Author: Renée-Marie Stephano
Surgery was on his bucket list, but Bruce Ryan didn’t want to wait until he retired to repair his debilitating and painful rotator cuff injury. The 59-year- old construction manager could have traveled the six hours to Stanford Medical Center – considered one of the top facilities in the United States. He had other reservations, instead.
“No, we went to France – to Toulouse, France – and did it,” said Ryan, chuckling at the thought. “It was great.”
All kidding aside, the American patient didn’t have to pay a dime for his medical tourism surgery in France – even $7,000 worth of deductibles and co-pays were waived – plus, he got to tour the Pyrenees Mountains, take in the local art scene, and sample baguettes, chateaux, Truffles and other French indulgences.
“The food in Toulouse was out-of-this- world,” said Ryan. “We ate like royalty. I’ll tell you.”

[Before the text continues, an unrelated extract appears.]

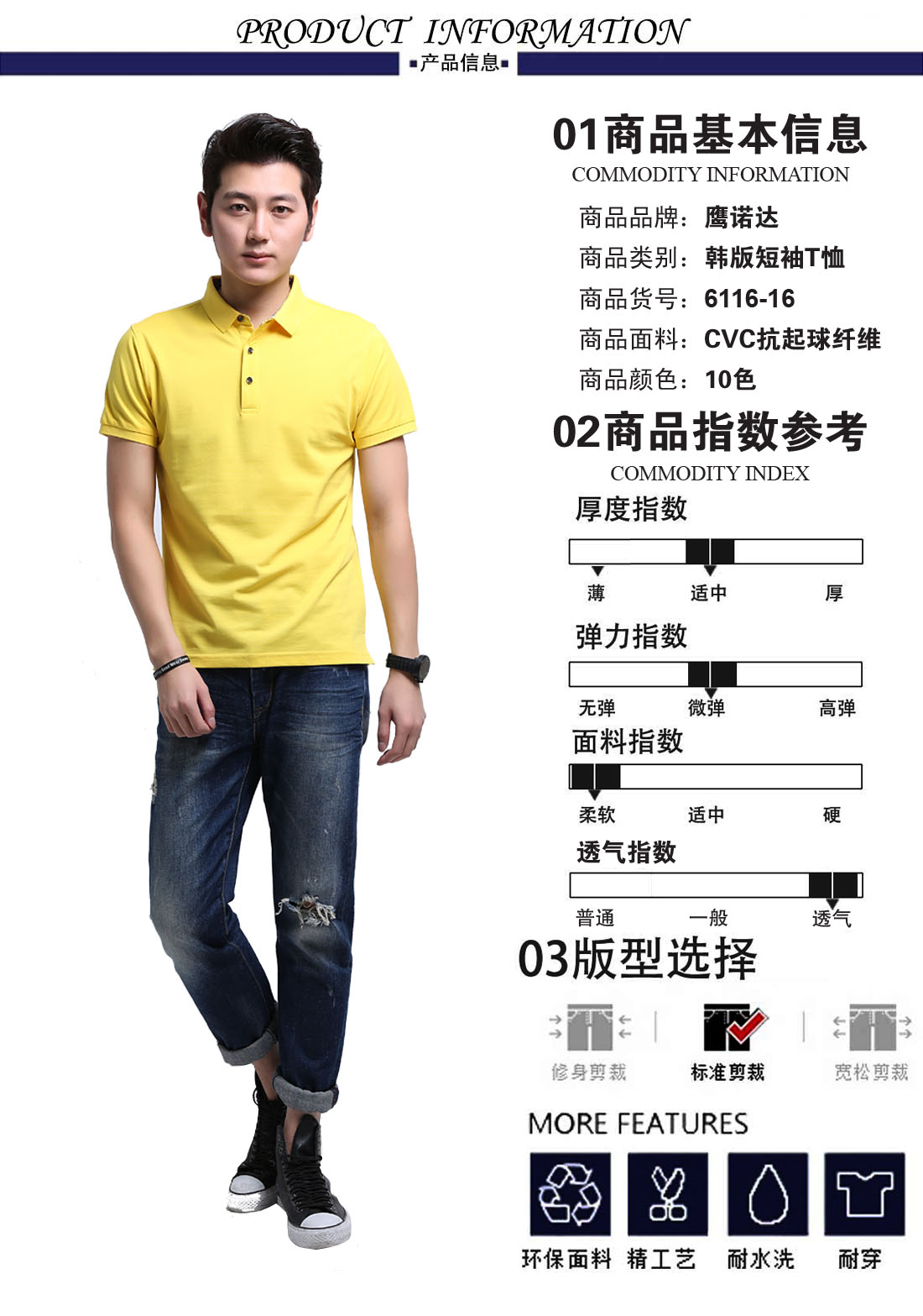 黄色CVC抗起球纤维t恤衫工作服ID6116-16

His employer, the Blue Lake Rancheria tribe which operates a casino and hotel in Northern California, covered all costs; yet, saved about $12,000, roughly 35 percent of what the surgery would have cost in the United States. On top of that, 10 percent of the company’s savings went directly into Ryan’s 401k plan.
Finding a good doctor – or an appropriate and affordable elective procedure isn’t always as easy as it was for Bruce Ryan. Despite today’s climate, which on the surface seems to have reduced healthcare options even further, a growing number of patients are looking long and hard for affordable solutions for care.

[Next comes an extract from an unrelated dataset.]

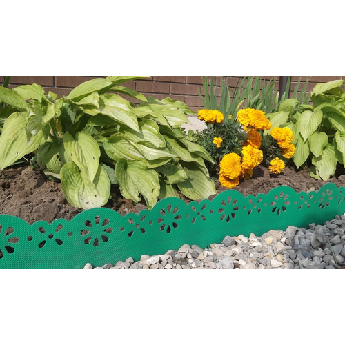 Пластиковый бордюр идеально подходит для создания аккуратных границ между растениями и газоном. Он также может использоваться для оформления приствольных кругов и создания красивых композиций на клумбах и в цветниках.

For their part, they are finding medical tourism procedures – those that are internationally accredited and readily accessible when needed — to be a creative answer to what at first appeared to be a fruitless search. What they have found is not always available at their doorsteps, but sometimes several miles away, perhaps, even in another country where care is both inexpensive and first-rate.
At What Price?
Cost savings – up to 70 percent in some cases depending on the selected procedure – are a major driver behind medial tourism. International healthcare consumers are not only finding reasonable prices, but more countries across the globe are getting into the act of whetting their appetites to travel.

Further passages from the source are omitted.